Re: Favorite song of yours that you have written and why:

Ra: I think so far my favorite song is Carry Me Home, which is one the new album. It took all of 20 minutes to write and came to me, lyrics and melody, all at once. It is close to my heart.

Re: Since you started recording with different intentions and then came out of the studio as part of a band, how have your visions for your musical career changed?

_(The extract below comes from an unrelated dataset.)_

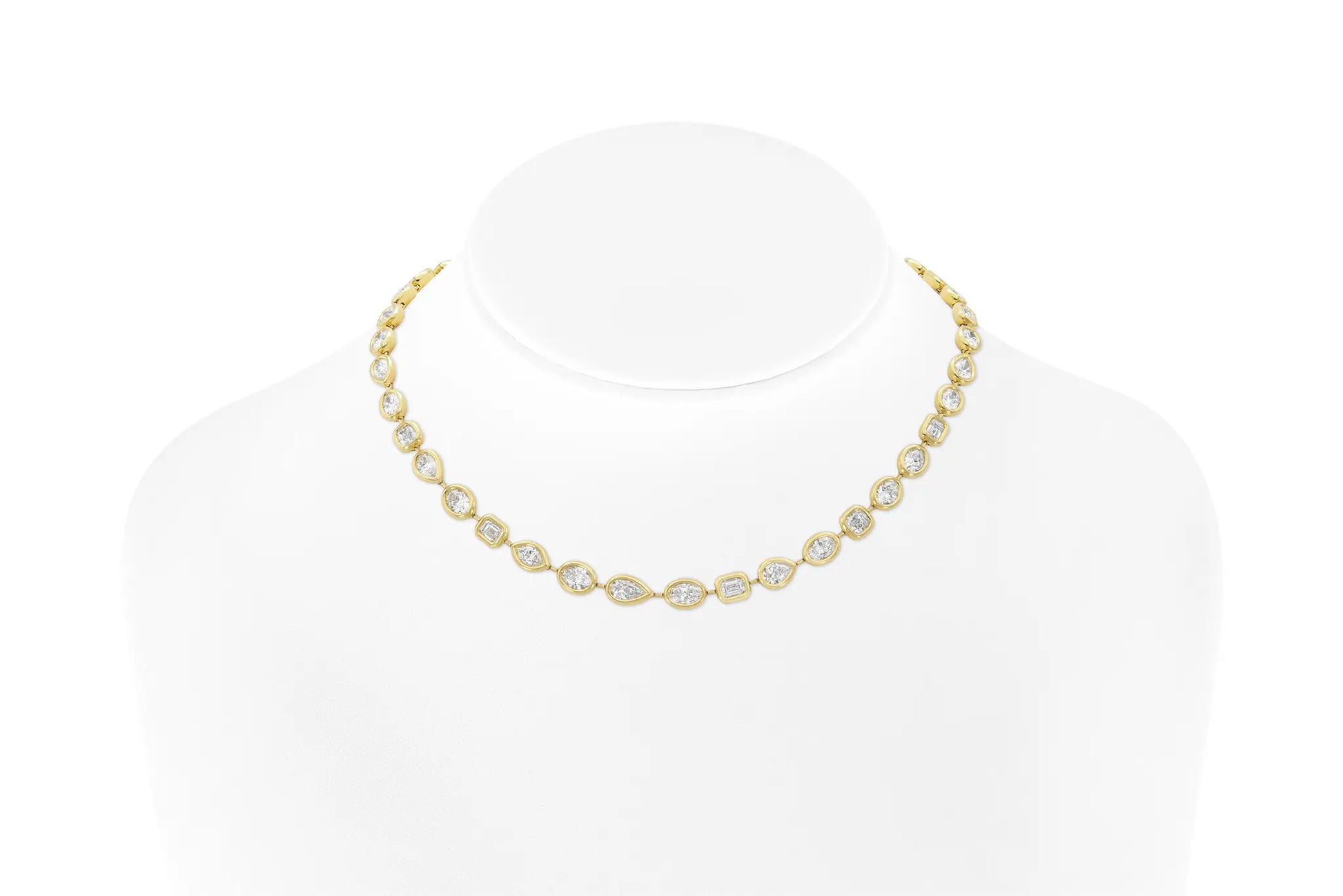 18K Yellow Gold Multi-Shaped Diamond Necklace DTw. 19.60 carat

Ra: This band has brought more to my music than I ever could have imagined on my own. What I am writing now is even better, what they are contributing is better. The songs, Fall Down and Let Yourself Go on the album were the last two songs to be recorded and had the full input of the band involved and I love how they turned out. The sound is changing and evolving and becoming something all its own and I am thrilled. The live show is also now really becoming a “show” which is hard to pull off when you are a singer/ song-writer hiring players. What we do live is going to be a lot of fun and really entertaining. Instead of me being, and working, and fighting for only myself, I now have a team of people on board that I trust in business, life and in music. It is a huge blessing.

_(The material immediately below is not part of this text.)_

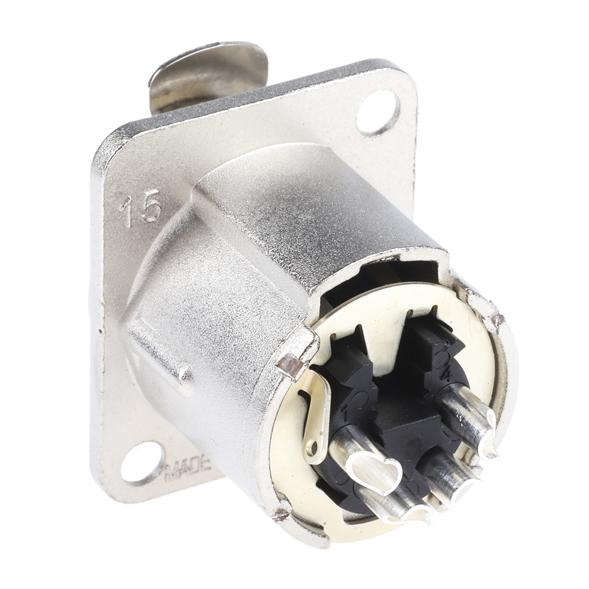 This is 4 Way Panel Mount XLR Connector Female Silver over Nickel Plated Contacts 50 V manufactured by Neutrik. The manufacturer part number is NC4FD-LX. The product has a current rating of 10a. Whereas, the minimum operating temperature of the product is -30°c. The product is available in panel mount configuration. Moreover, the product has a nominal 50 v voltage rating. In addition, female is the available "Gender" of the product. The product also features robust nylon housing material. The product contains 4 contacts. It has a maximum operating temperature of +80°c. The product is made from sturdy brass materials.

Re: The album seems to have a theme of encouragement, consistently sympathizing with a heartbroken listener but never allowing her to wallow in despair. What have been the biggest sources of encouragement and inspiration for you?

Ra: God. My faith is my core and the inspiration from knowing that love exists and it is bigger and more miraculous than we imagined, has changed my worldview. I have been through a lot in the last three years. A lot! But I have seen miracles in my life and in the lives of my friends and this band. It is undeniable that even in the dark places, light exists, and it uses those struggles to build you into something better if you let it. You can see this hope and love in the people around you, in the earth and universe, and hopefully in yourself as well.

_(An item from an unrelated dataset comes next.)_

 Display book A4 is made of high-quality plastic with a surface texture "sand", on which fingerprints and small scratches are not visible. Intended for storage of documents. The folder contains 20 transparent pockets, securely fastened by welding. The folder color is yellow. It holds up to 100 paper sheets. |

Re: You came up with the “and The Kings” because you believe the musicians in the band are kings of their craft. What do you think it takes to become a “king” of an art form; do you think talent trumps dedication and are successes more important than failures?

Ra: It is a combination of talent and hard work. Failures are far more important. You learn more from falling, plus falling means you are trying, right? This is a group of amazing talents, with great natural ears and ability, who have also spent time and energy honing their skills and improving their craft. Each one has been through a lot in life and in music. They aren’t just kings of their instruments, they are kings in their own right. Their hearts and commitment speak to big souls and personalities that everyone falls in love with. Just like I have. This is a great group of guys.

Re: You and the band haven’t been together long; what have you found helps you guys connect in the recording studio and on stage?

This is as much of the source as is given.